RECORDS SHOWN START
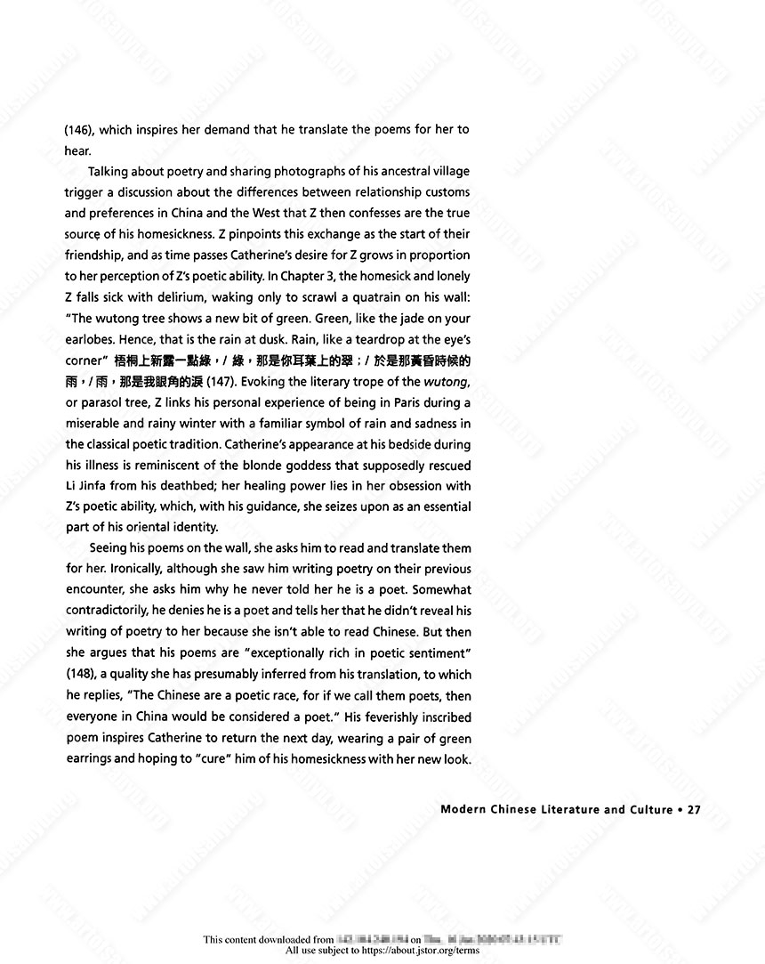 Talking about poetry and sharing photographs of his ancestral village trigger a discussion about the differences between relationship customs and preferences in China and the West that Z then confesses are the true source of his homesickness. Z pinpoints this exchange as the start of their friendship, and as time passes Catherine’s desire for Z grows in proportion to her perception of Z’s poetic ability. In Chapter 3, the homesick and lonely Z falls sick with delirium, waking only to scrawl a quatrain on his wall: “The wutong tree shows a new bit of green. Green, like the jade on your earlobes. Hence, that is the rain at dusk. Rain, like a teardrop at the eye’s corner” 梧桐上新露ー點綠,/ 綠,那是你耳葉上的翠;/ 於是那黃昏時候的 雨,/ 雨,那是我眼角的涙 (147). Evoking the literary trope of the wutong, or parasol tree, Z links his personal experience of being in Paris during a miserable and rainy winter with a familiar symbol of rain and sadness in the classical poetic tradition. Catherine’s appearance at his bedside during his illness is reminiscent of the blonde goddess that supposedly rescued Li Jinfa from his deathbed; her healing power lies in her obsession with Z’s poetic ability, which, with his guidance, she seizes upon as an essential part of his oriental identity.
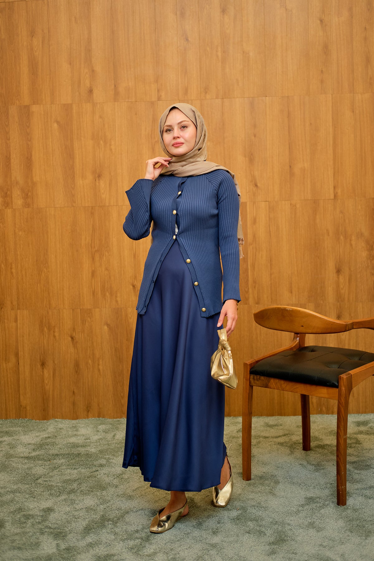 Kabartma Çizgi Detaylı Hırka Lacivert
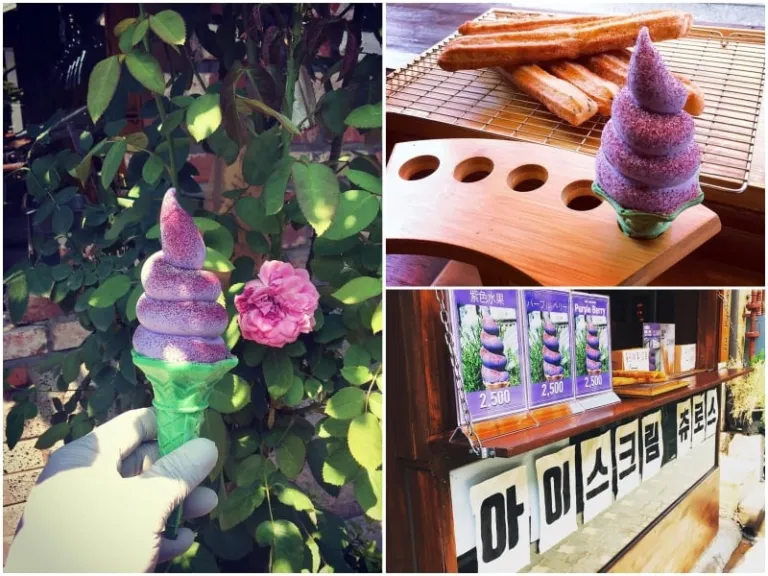 After milling around the streets of Ikseondong, you’re bound to run into a shop with tantalising pictures of ice cream. Not just any ice cream, but a lavender-coloured soft serve!
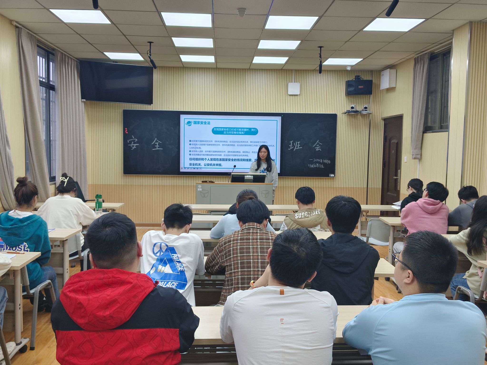 谢晶结合真实案例带领同学们了解国家安全法、反间谍法和反恐怖主义法。她表示,作为一名大学生,要自觉维护国家安全,增强国家安全意识和保密意识,做到内外网不混用,军事重地等区域不随意拍照,筑牢安全防线。
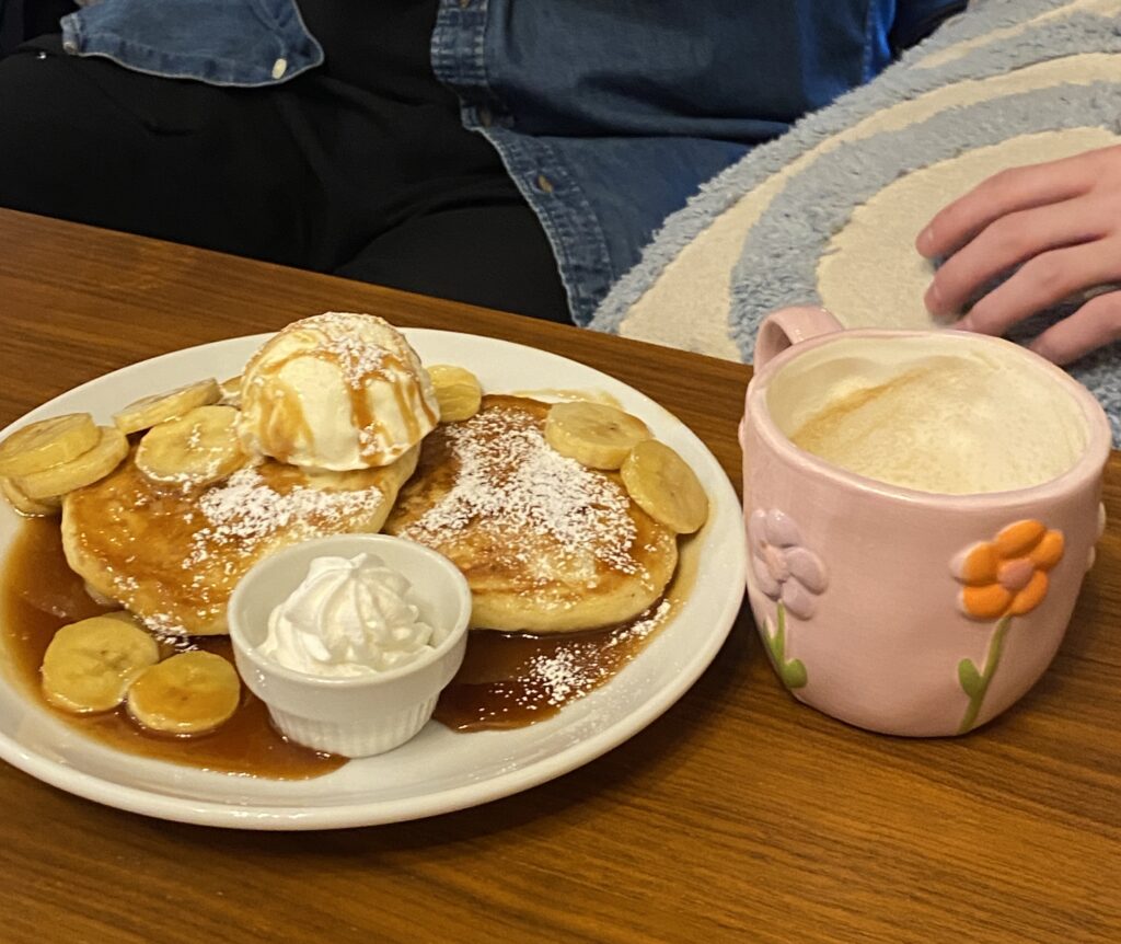 女子はドリンクのみ、男性陣は可愛らしいスイーツを頼んでいました!
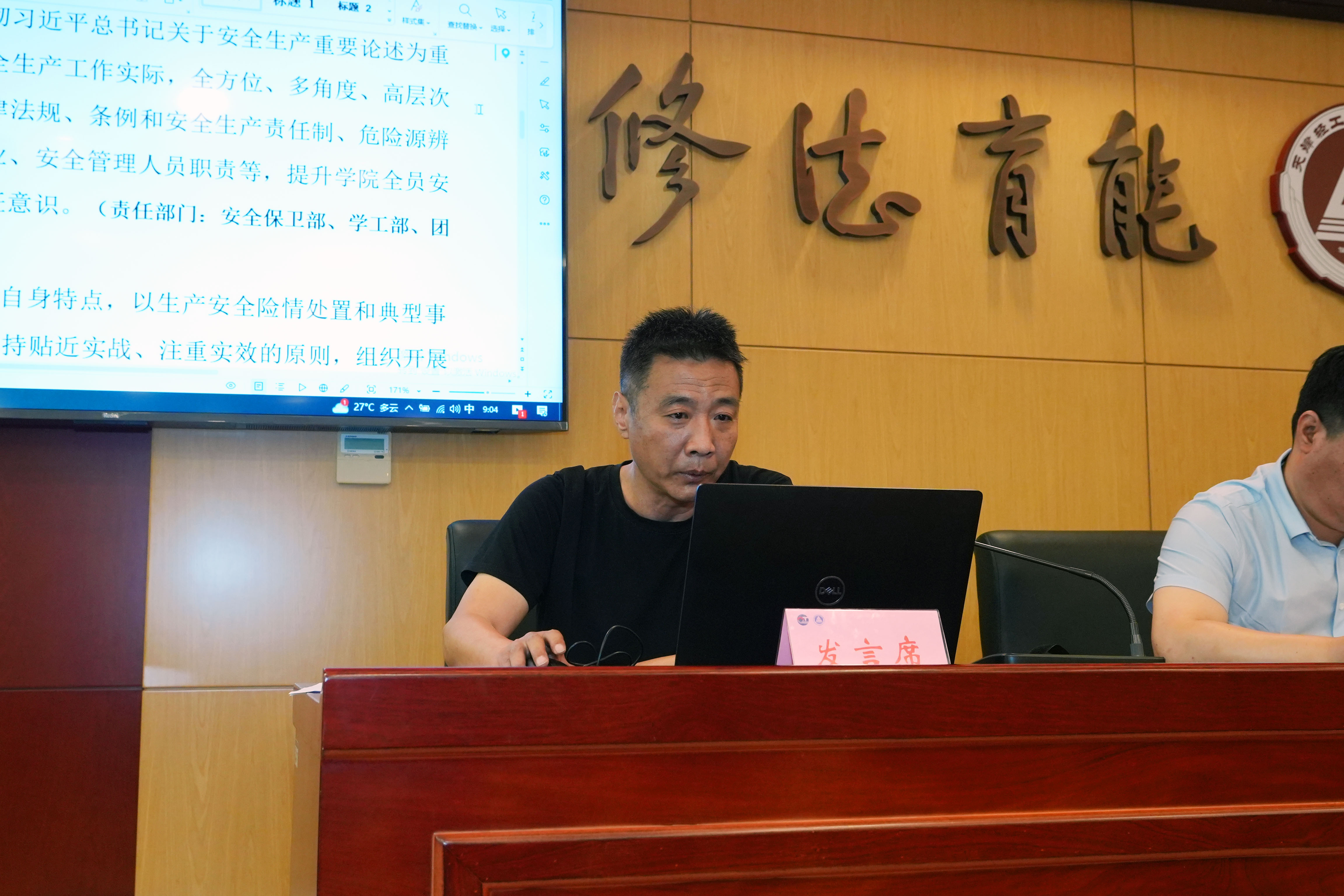 会议第一阶段由副院长郑文柱主持。安全保卫部按照上级文件要求,结合学院实际部署了安全生产月活动安排,明确了任务分工。副院长郑文柱强调了近期市教育两委、市国资委和渤轻集团等上级单位涉及安全工作的有关要求,通报了近期安全事件及警示提醒,并针对重点领域和重要时间节点,对学院下一步安全工作进行了重点提示。
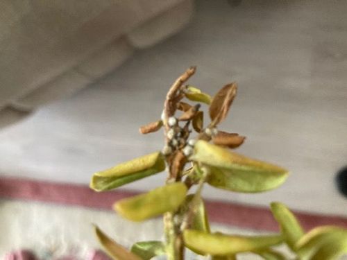 My Little bibis' have lots of little white spots on them and are string to go yellow. what could it be ? thank you
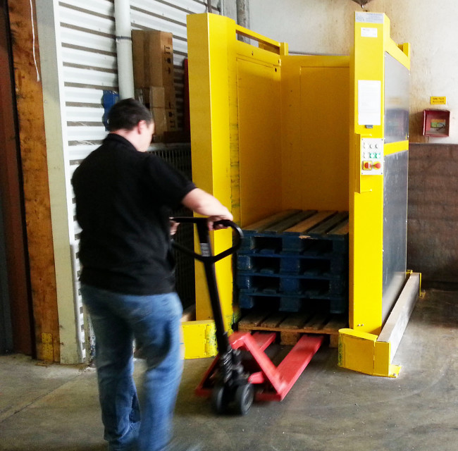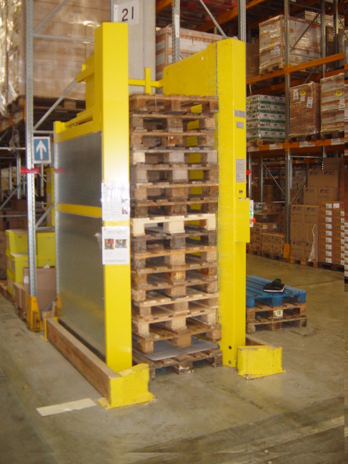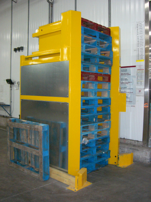 Avec le MAGAPAL®, l'opérateur introduit une pile de palettes dans l'appareil et à chaque déclenchement de cycle, la palette la plus basse est libéré pour une reprise au transpalette.
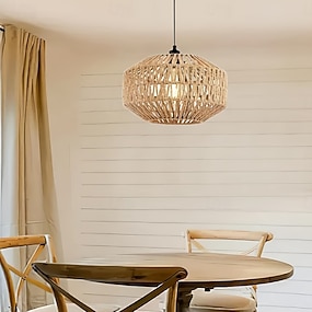 Lampada a sospensione a soffitto in corda di canapa, paralume intrecciato a mano, vimini in rattan, lampada a sospensione intrecciata a mano per soggiorno, camera da letto, sala da pranzo, cucina
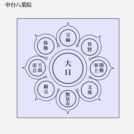 中台八葉院の八葉の花弁に当たる部分には、密教で特に重要視されれる四仏と、八大菩薩のうち四菩薩(普賢、観音、文殊、弥勒)が配されています。残りの四菩薩(虚空蔵、金剛手、除蓋障、地蔵)は十二院の中に配されています。観音と文殊は重複していますが、両菩薩は各院の主宰者を兼務していると考えられます。
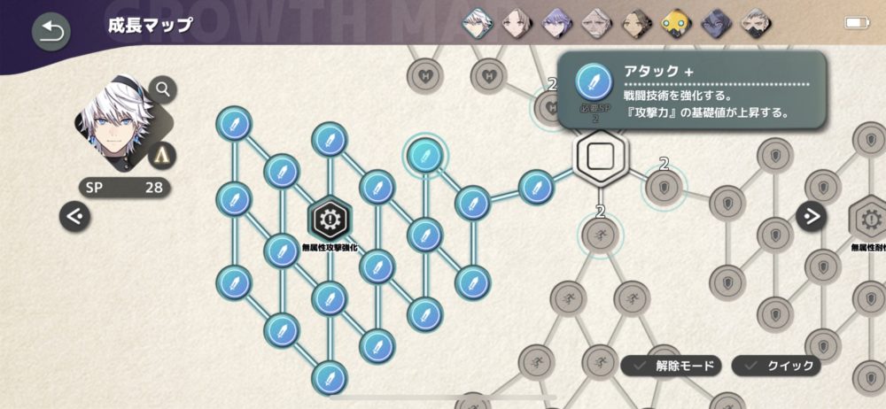 そのような状況ではあるが、成長マップの1枚目をコンプリート後、SPカプセルを18個使うことにより、このように2枚目の成長マップの左側にある「アタック+」を18か所アンロックすることにより攻撃力を最大にできる。
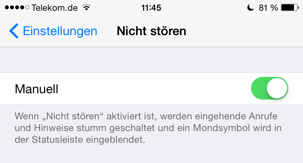 Seit dem Betriebssystem iOS 6 gibt es die „Nicht stören“-Funktion, die alle eingehenden Anrufe sofort auf den Anrufbeantworter umleitet. Der Weg dahin ist Einstellungen und Nicht stören. Dann wird das Mondsymbol in der Statusleiste eingeblendet.
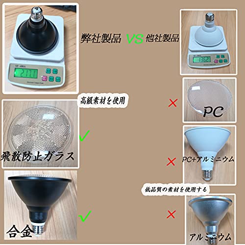 【防水性能】IP65の防水等級なので、屋内・屋外兼用 防塵・防湿・防雨型です。 水銀灯代代:PAR38 LEDでビームボールを完全再現!
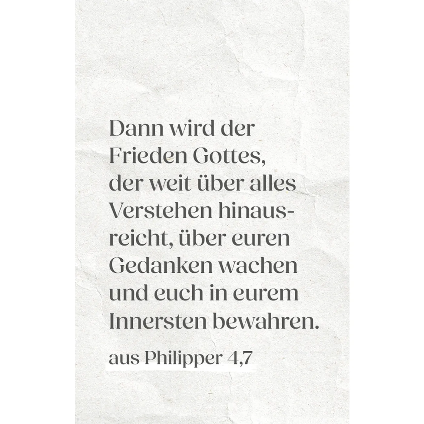 Dieses Set mit 25 Verteilkärtchen voller ermutigender Worte und Bibelverse trägt den Frieden Gottes in den Alltag. Die Karten laden dazu ein, Frieden weiterzugeben, Hoffnung zu schenken und sich an die Gegenwart Gottes zu erinnern. Zum Weitergeben an Feiern, Veranstaltungen, Gottesdiensten, zum Jahreswechsel oder einfach so zwischendurch - kleine Botschaften, die Herzen berühren.
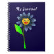 The design shows a cute flower character drawn and painted with Inkscape by Ulla Hennig. The design is placed on a dark blue background, together with the title "My Journal". You can easily change the colour of the background and insert your own words by clicking on the "customize it" button.
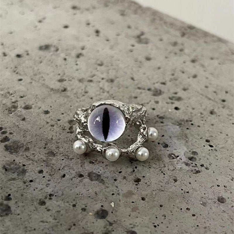 A ring with an EYE design cabochon motif and mini pearl parts.
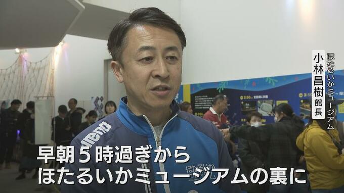 「早朝5時過ぎからこのほたるいかミュージアムの裏にホタルイカの身投げを期待して数百人単位でいらっしゃったんですよ。その方も居残りでミュージアムに入られたりしてますので、朝からこんな状況が続いているという感じですね、にぎやかです」
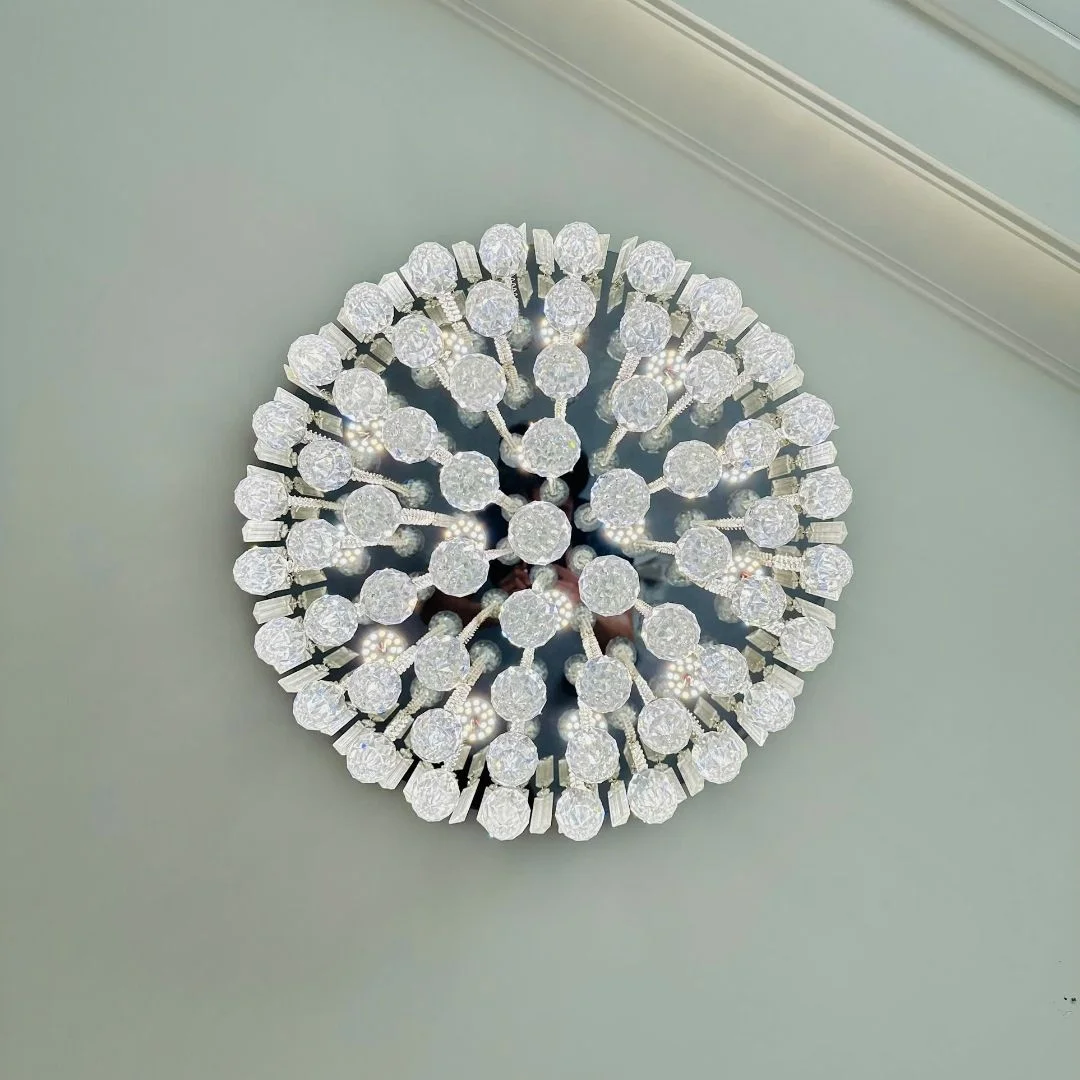 - Sang trọng tức thì: pha lê trắng khúc xạ mạnh, tạo điểm nhấn trung tâm cho phòng khách.
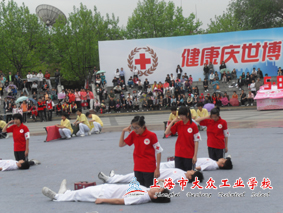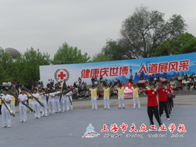 2010年5月8日是第63个世界红十字日,区红十字会、区教育局携手各委办局于博乐广场举行了活动主题为“携手人道参与世博”的大型纪念活动,中共嘉定区委副书记曹一丁、上海市红十字会副会长李明磊以及各委办局领导出席了本次活动。博乐广场上人头攒动,气氛热烈。我校0914班21位男生、09幼保班18位女生经过一个月的刻苦训练,成功表演了一档团体操与急救技能相结合的红十字节目,同学们在汗水付出之后,也收获了喜悦。
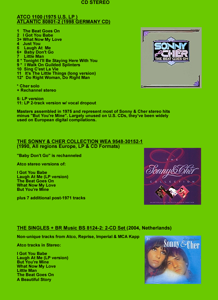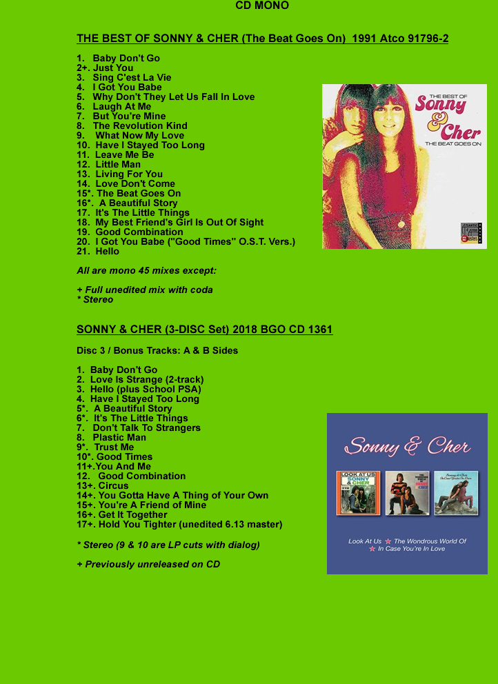 "THE BEST OF SONNY & CHER" LP does not use single versions on the following tracks:
RECORDS SHOWN END
#### WORK REQUEST:
All pictures are to be skipped. Output, word for word, the lines in the data above starting at the line containing "Kabartma Çizgi Detaylı Hırka Lacivert" and ending at the line containing "女子はドリンクのみ、男性陣は可愛らしいスイーツを頼んでいました!".

#### PROBLEM SOLUTION:
 Kabartma Çizgi Detaylı Hırka Lacivert
 After milling around the streets of Ikseondong, you’re bound to run into a shop with tantalising pictures of ice cream. Not just any ice cream, but a lavender-coloured soft serve!
 谢晶结合真实案例带领同学们了解国家安全法、反间谍法和反恐怖主义法。她表示,作为一名大学生,要自觉维护国家安全,增强国家安全意识和保密意识,做到内外网不混用,军事重地等区域不随意拍照,筑牢安全防线。
 女子はドリンクのみ、男性陣は可愛らしいスイーツを頼んでいました!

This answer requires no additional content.